Cracking FIs’ 90/10 Data Monetization Problem
When seven CEOs of the largest banks in the United States gathered on Capitol Hill earlier this month, the topics and questions lobbed at them from members of the House Financial Services Committee spanned all manner of subjects.
The focus of the hearing was, generally speaking, the evolution of financial services in the wake of the financial crisis, and of course the spotlight shone on the myriad ways that things have changed over the past decade. FinTech, cryptos, pay gaps, capital requirements and even the ethics of doing business with firearms firms were all under discussion.

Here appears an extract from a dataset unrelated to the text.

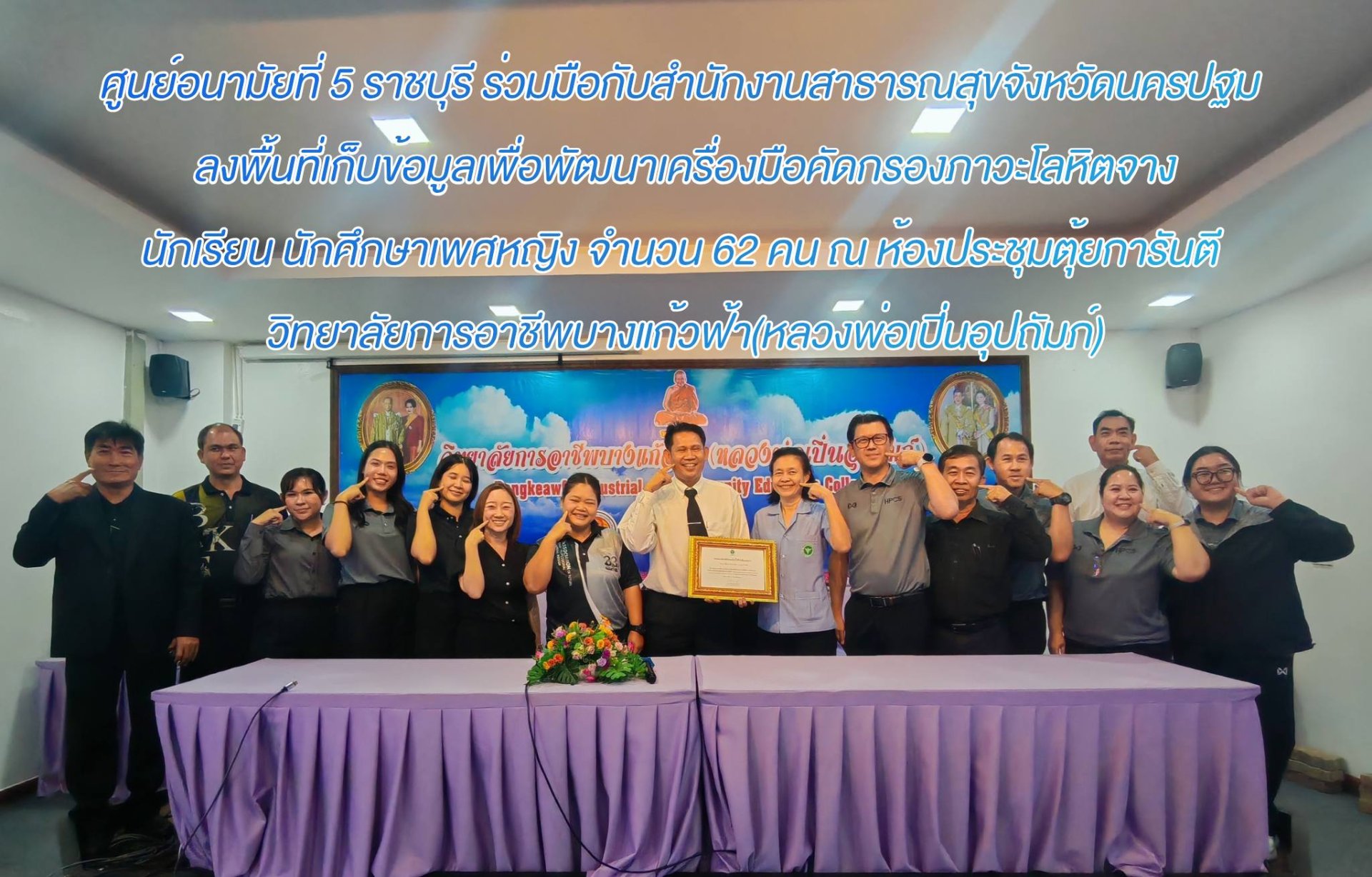 วิทยาลัยการอาชีพบางแก้วฟ้า(หลวงพ่อเปิ่นอุปถัมภ์) นำโดยนายจรูญ อินไข ผู้อำนวตการวิทยาลัย ได้รับเกียรติบัตรเข้าร่วมโครงการวิจัย “การพัฒนาเครื่องมือคัดกรองภาวะโลหิตจางด้วยตนเอง สำหรับหญิงวัยเจริญพันธุ์ในประเทศไทย” (Development of a Self-Screening Tool for Anemia among Women of Reproductive Age in Thailand) โดยศูนย์อนามัยที่ 5 ราชบุรี ร่วมมือกับ สำนักงานสาธารณสุขจังหวัดนครปฐม ลงพื้นที่เก็บข้อมูลเพื่อพัฒนาเครื่องมือคัดกรองภาวะโลหิตจาง นักเรียน นักศึกษาเพศหญิง จำนวน 62 คน ณ ห้องประชุมตุ้ยการันตี วันที่ 19 กุมภาพันธ์ 2569

And, of course, data security – or perhaps the lack thereof – was fair game. The executives who testified said they have been focusing on data security, and will continue to do so, as huge breaches have dominated the headlines. Said Bank of America CEO Brian Moynihan, “We are in, effectively, a war on cybersecurity.” Along with JPMorgan CEO Jamie Dimon, he discussed how myriad regulations and bodies governing data and its use can be counterproductive in forging an effective strategy against the bad guys.
Might there be a solution in a compliance and data security approach that can keep consumers’ data safe, even as banks monetize that very data?
The endeavor is a win-win, allowing for mutually beneficial relationships between financial institutions (FIs) and their customers – and to get there, according to Randy Koch, CEO of ARM Insight, embracing synthetic data can make all the difference.